Banda Aceh – Menyambut hari ulang tahun (HUT) ke-77 Bhayangkara, Polda Aceh berharap moderasi beragama dapat dilakukan sebagai solusi dan kunci penting menciptakan kehidupan yang rukun, damai, serta keseimbangan, baik dalam kehidupan pribadi, keluarga, bermasyarakat, bernegara, maupun dalam beragama.
Oleh karena itu, pada momen Hari Bhayangkara, Polda Aceh melalui Biro SDM akan me-revitalisasi situs budaya dan agama agar tidak mengalami degradasi/penurunan kualitas, potensi, fisik, dan nilai keindahan oleh berbagai penyebab kerusakan.
Karo SDM Polda Aceh Kombes Fajar Budiyanto mengatakan, situs budaya dan agama yang menjadi target revitalisasi pada momen Hari Bhayangkara tahun 2023 adalah Makam Syiah Kuala dan Masjid Baiturrahim Ule Lheue.
Kata Fajar, bentuk kegiatan revitalisasi tersebut adalah dengan membersihkan dan melakukan pembenahan situs budaya/agama dan tidak merubah bentuk dasar situs—hanya pembenahan lokasi, tanaman, serta taman, termasuk pemasangan tenda taman.
Selain itu, sambungnya, Biro SDM juga akan merenovasi situs budaya/agama—perbaikan pos keamanan, perbaikan atap bangunan, penambahan lampu penerangan, dan rambu-rambu situs agar memudahkan masyarakat saat mengunjunginya. Selain itu juga merenovasi lapak pedagang kaki lima dan pengecetan pagar.
“Revitalisasi ini untuk
mendukung iklim usaha mikro kecil dan menengah (UMKM) yang sehat agar dapat meningkatkan pariwisata di situs budaya/agama. Selain itu juga bertujuan merawat kebhinnekaan dalam bingkai persatuan dan kesatuan bangsa,” kata Fajar Budiyanto, dalam keterangannya di Polda Aceh, Senin, 19 Juni 2023.
“Pada Hari Bhayangkara tahun 2023 Biro SDM Polda Aceh melakukan renovasi terhadap Makam Syiah Kuala dan Masjid Baiturrahim dengan cara melakukan revitalisasi sehingga akan membentuk keindahan dan kenyamanan, serta dapat meningkatkan perekonomian rakyat,” tambah Fajar.
Untuk diketahui, Makam Syiah Kuala merupakan makam dari seorang ulama kharismatik di Aceh dan cukup ahli dalam bidang hukum. Yang bersangkutan juga pernah menjadi mufti agung pada kerajaan Aceh Darussalam.

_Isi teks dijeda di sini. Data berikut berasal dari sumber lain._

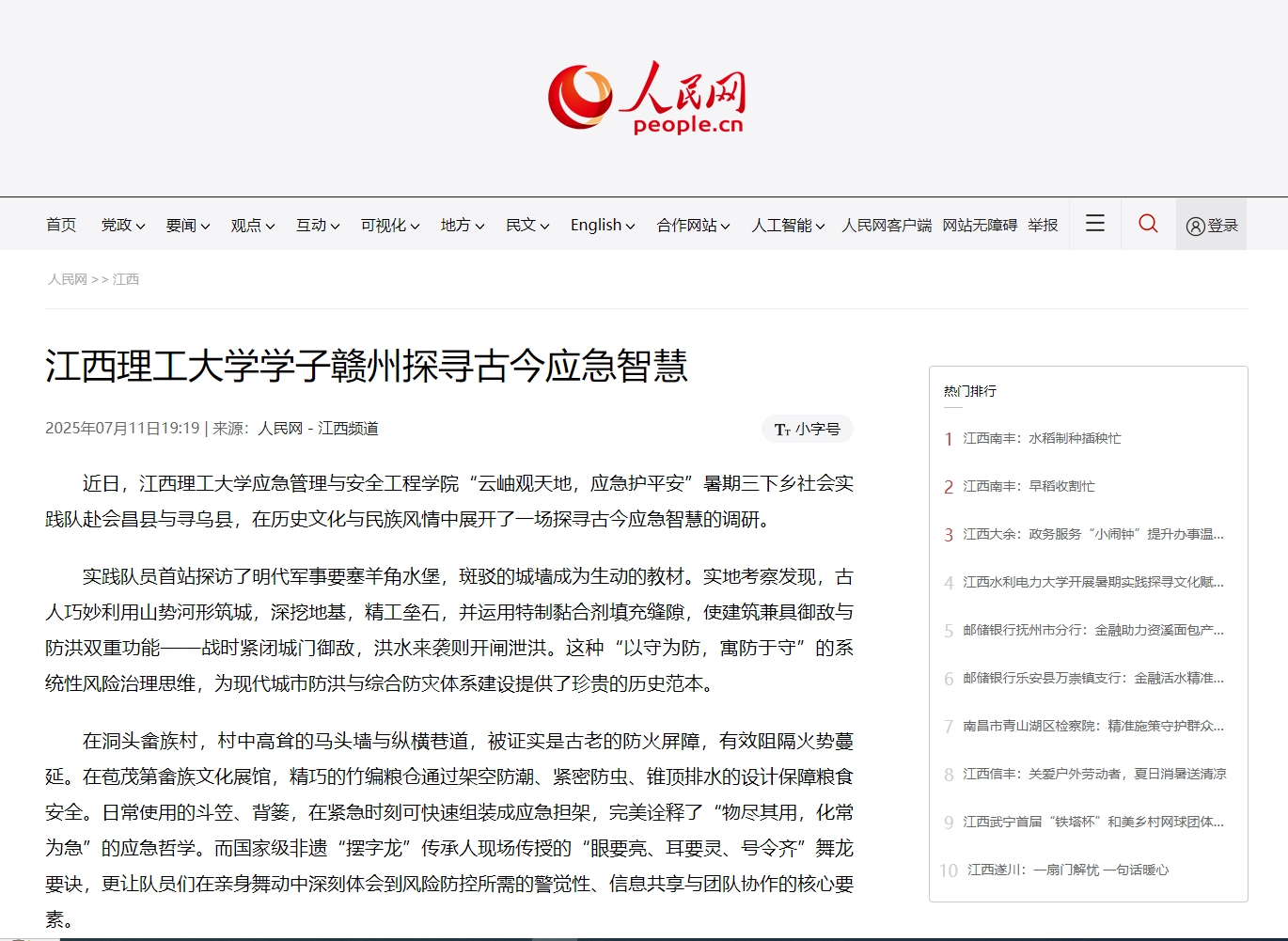 应急管理与安全工程学院“云岫观天地,应急护平安”暑期三下乡社会实践队赴会昌县与寻乌县,在历史文化与民族风情中展开了一场探寻古今应急智慧的调研。
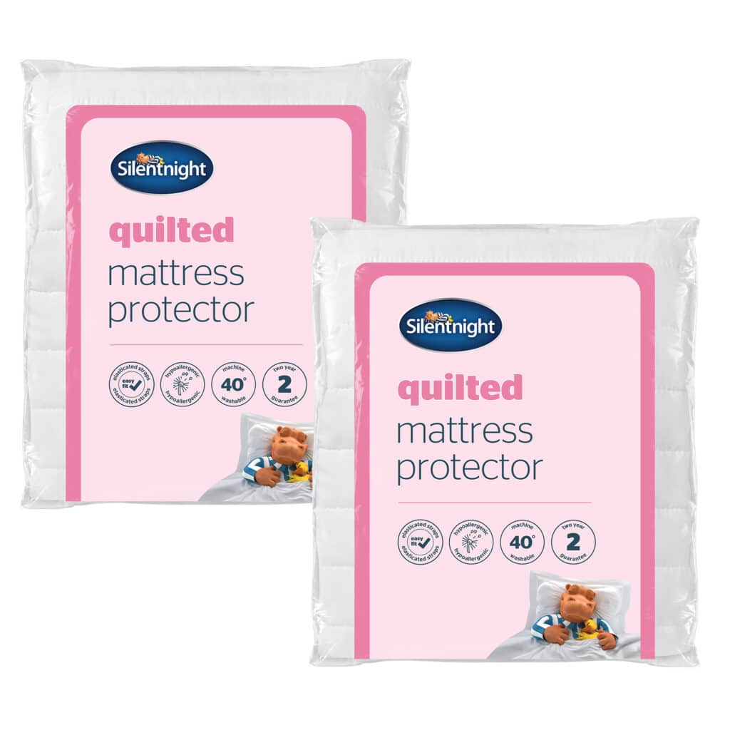 Bundle includes 2 Silentnight Quilted Mattress Protector which have been designed to protect and prolong the life of your mattress, helping to shield spills, stains and general wear and tear. The soft touch quilted cover is filled with soft and comfortable hollowfibre which helps to add an extra layer of cushioned comfort to your mattress.

Makam yang terletak di Gampong Deah Raya, Kecamatan Syiah Kuala, Kota Banda Aceh tersebut banyak didatangi oleh peziarah baik lokal maupun mancanegara.
Untuk sampai ke makam itu membutuhkan waktu sekitar 15 menit dengan menempuh jarak kurang lebih 8 kilometer dari pusat Kota Banda Aceh. Pengunjung yang datang sangatlah ramai, Pada hari biasa, penziarah capai 200 orang yang berkunjung ke Makam Syiah Kuala.
Selanjutnya, Masjid Baiturrahim merupakan peninggalan Kesultanan Aceh. Masjid ini didirikan sekitar abad ke-17 dengan sebutan Masjid Jami’ Ulee Lheue (dibaca “olele” dalam dialek Belanda). Saat Masjid Baiturrahman dibakar oleh pasukan Belanda pada tahun 1873, warga Banda Aceh berbondong-bondong melaksanakan saalat Jumat di masjid ini. Diperkirakan mulai saat itulah “baiturrahim” menjadi nama masjid ini.
Pada tanggal 26 Desember 2004, gelombang raksasa setinggi 21 meter menghantam pesisir utara Banda Aceh. Kawasan Ulee Lheue yang berada persis di tepi laut menjadi salah satu wilayah yang paling parah terkena dampak. Nyaris semua bangunan di wilayah ini rata dengan tanah atau hanyut terhempas gelombang ke arah pusat Kota Banda Aceh—beserta ribuan jiwa yang menjadi korban.
Ketika bencana tsunami itu terjadi, masjid ini tetap kokoh berdiri di tengah hamparan puing bangunan sekitarnya yang telah hancur. Hanya sebagian kecil bangunan yang mengalami kerusakan akibat bencana alam tersebut.